Open omicronns opened 2 years ago

omicronns commented 2 years ago

Hello,

Does linux-wpan project support sub 1GHz bands? If so, is there any hardware compatible that I can use like ATUSB stick for 2.4GHz?

If not, is it planned to add such support?

Thanks!

Stefan-Schmidt commented 2 years ago

We driver support for at86rf212 and at86rf212b. In terms of an USB device featuring these I only know about a discontinued device. Busware HUL v1.1

https://busware.de/tiki-browse_image.php?galleryId=18&imageId=316

davidahoward commented 2 years ago

might it be straight forward to update to at86rf215? Thats in production and eval boards available. if new chip support, maybe silabs efr32bg family - already supported in zephyr so lots of reusable code there... https://docs.zephyrproject.org/2.7.0/boards/arm/efr32_radio/doc/index.html

Stefan-Schmidt commented 2 years ago

I have not checked the 215 chip so I can not comment on how close it is to the 212. If its close enough, adding support for it in the at86rf* driver in the kernel might not be to hard.

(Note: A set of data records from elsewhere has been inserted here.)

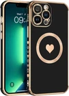 Magnetic for iPhone 13 Pro Case| [Compatible with MagSafe] Cute Heart Pattern Slim Fit Soft Flexible Shockproof TPU Bumper Protective Wireless Charging Case for iPhone 13 Pro 6.1"| Black
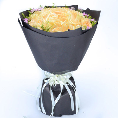 黑色手揉纸圆形包装,搭配美丽蝴蝶结花语:我想在五十年之后我一定还是像现在一样爱你。附送:
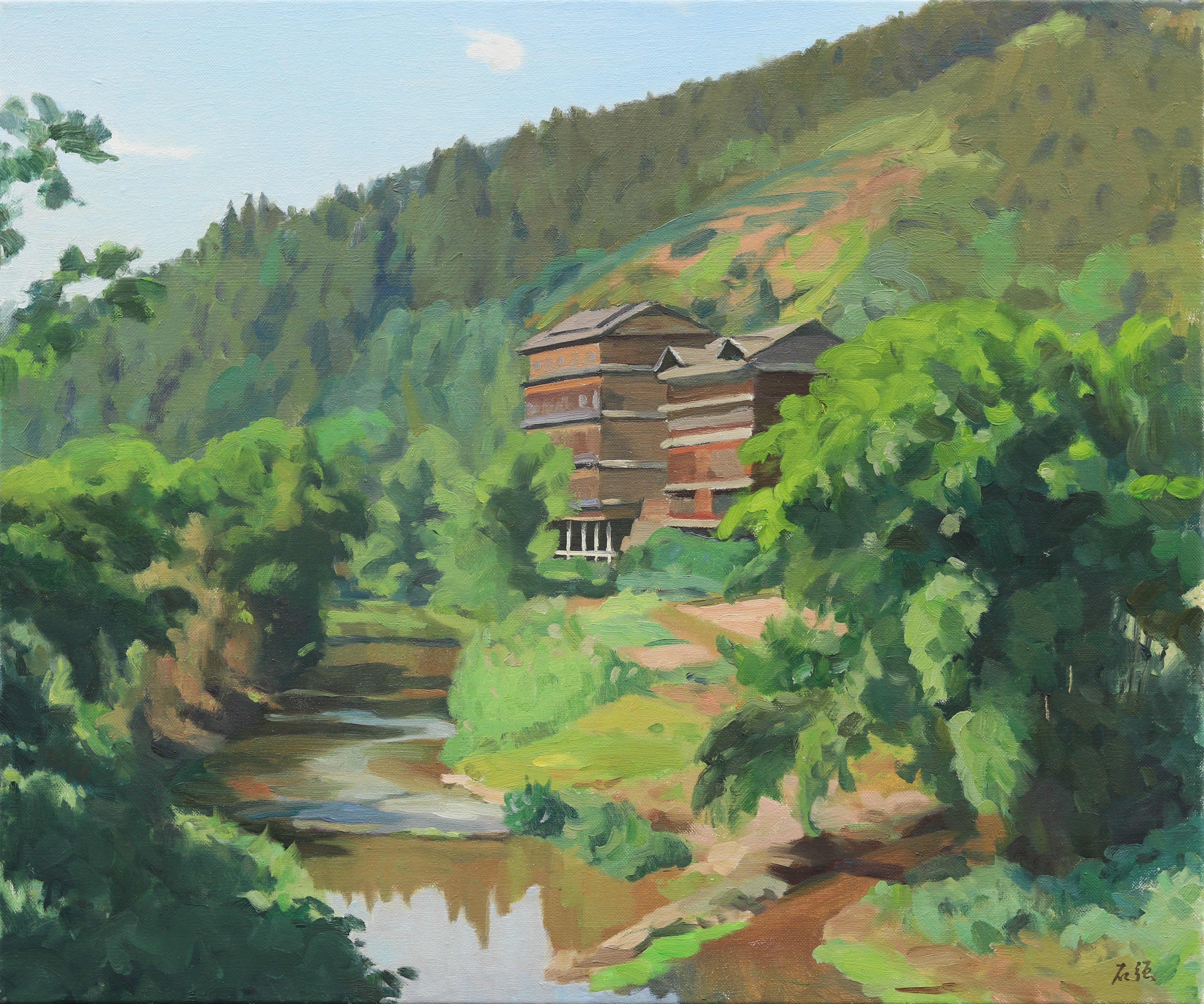 曲湘建教授作品《溪边人家》,80cmx60cm

There is also the wpanusb kernel driver and zephyr sample application, to make use of zephyr supported boards. The concept is very nice, but the USB interface and driver in general needs more work. Nobody stepped up yet to do so. If you are interested, let me know.

omicronns commented 2 years ago

I guess this is more about dongle firmware compatibility rather than radio chip itself. I can imagine one could write USB compatible device on TI chip, that would work as dongle with Atmel chip. Please correct me if I'm wrong.

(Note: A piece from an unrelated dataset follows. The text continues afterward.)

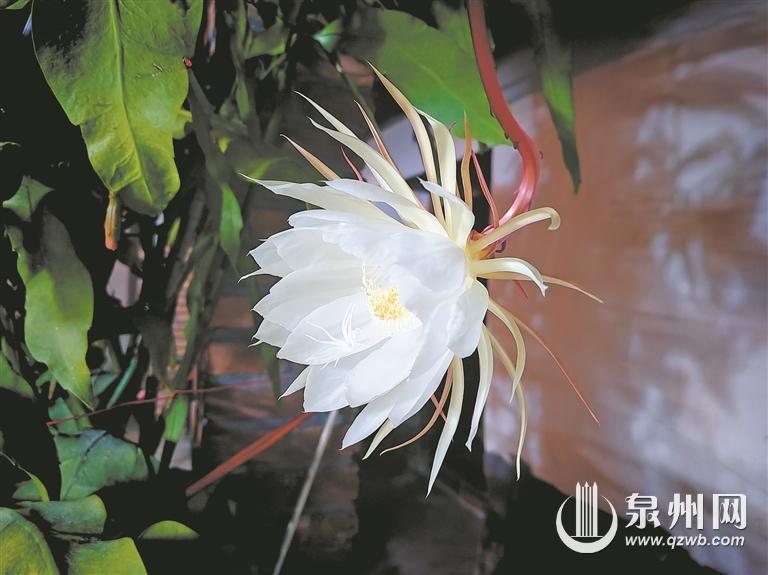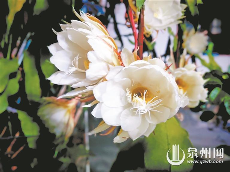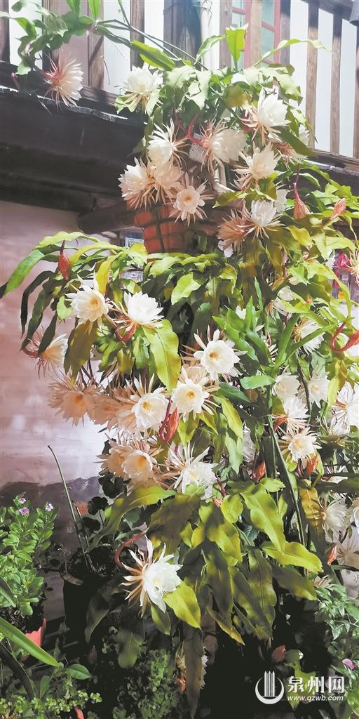 走进曾女士家的院子,一株两米多高的昙花映入眼帘,肥厚的叶子一片片垂下,浅粉棕色的花苞熙攘层叠地藏在其中。在弯曲花茎的有力支撑下,花苞努力向上鼓着,张开洁白的小口,微微散发着清香。

Stefan-Schmidt commented 2 years ago

Sure, the combinations are not limited here. The base idea is to have a generic USB device driver for 15.4 device (kind of like the host controller interface for bluetooth). Whatever firmware implements that would just work (TM).

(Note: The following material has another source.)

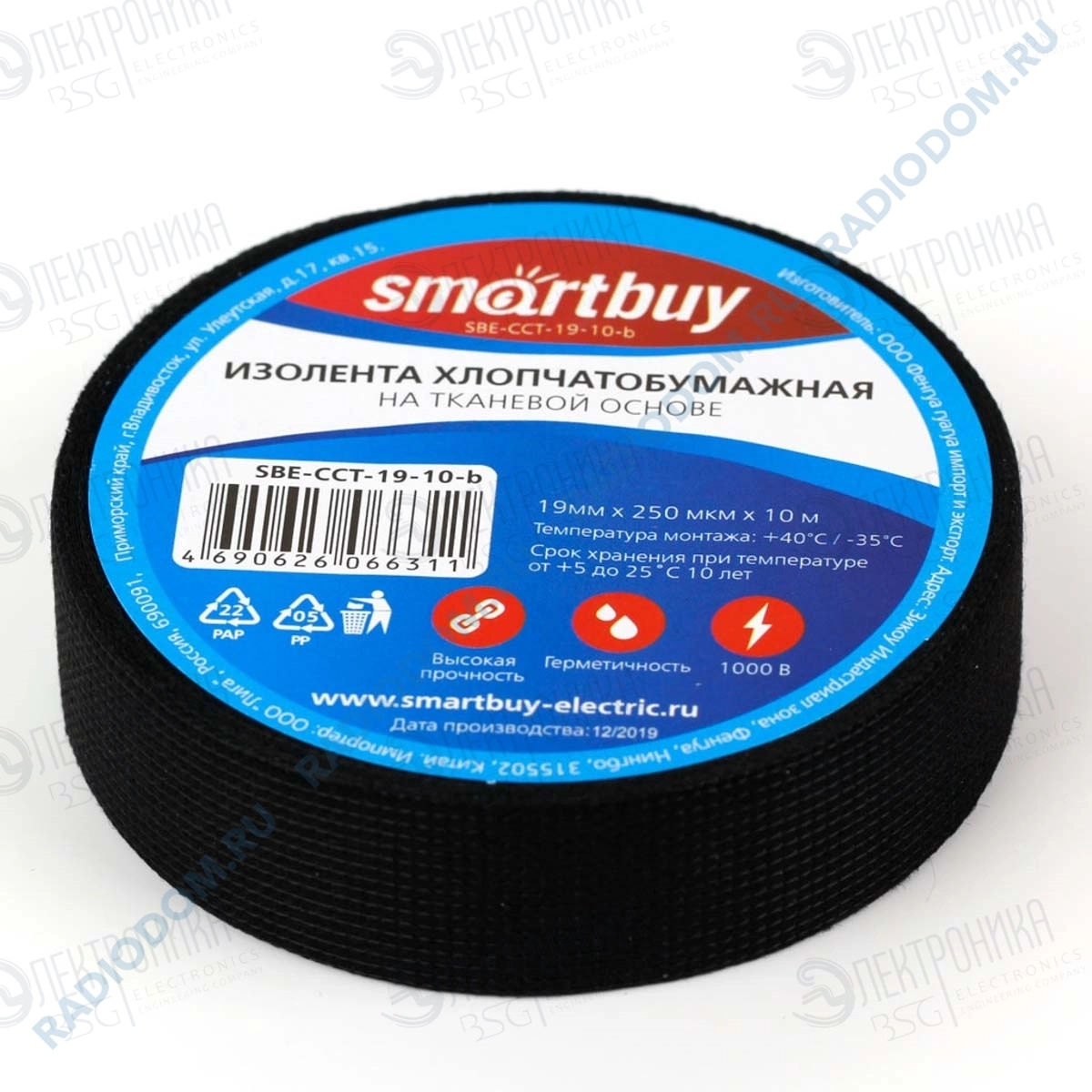 Изолента матер х/б 0,25ммх19ммх10м черная Smartbuy

On the firmware side the has been a proof of concept for zephyr, but its not limited to it.

omicronns commented 2 years ago

Thank you for the responses. I'm not linux driver expert, but I looked at atusb driver implementation and noticed it uses at86rf230 spi driver.

I understand that spi driver is present in the kernel and if I had (i don't) at86rf212 I could just plug it via spi to linux machine (eg. raspberry pi) configure the kernel and it would work?

Does that mean atusb driver just proxies spi commands for the transceiver? So if one designed atusb-like board with at86rf212 transceiver instead of at86rf231 and compatible antenna it would also work?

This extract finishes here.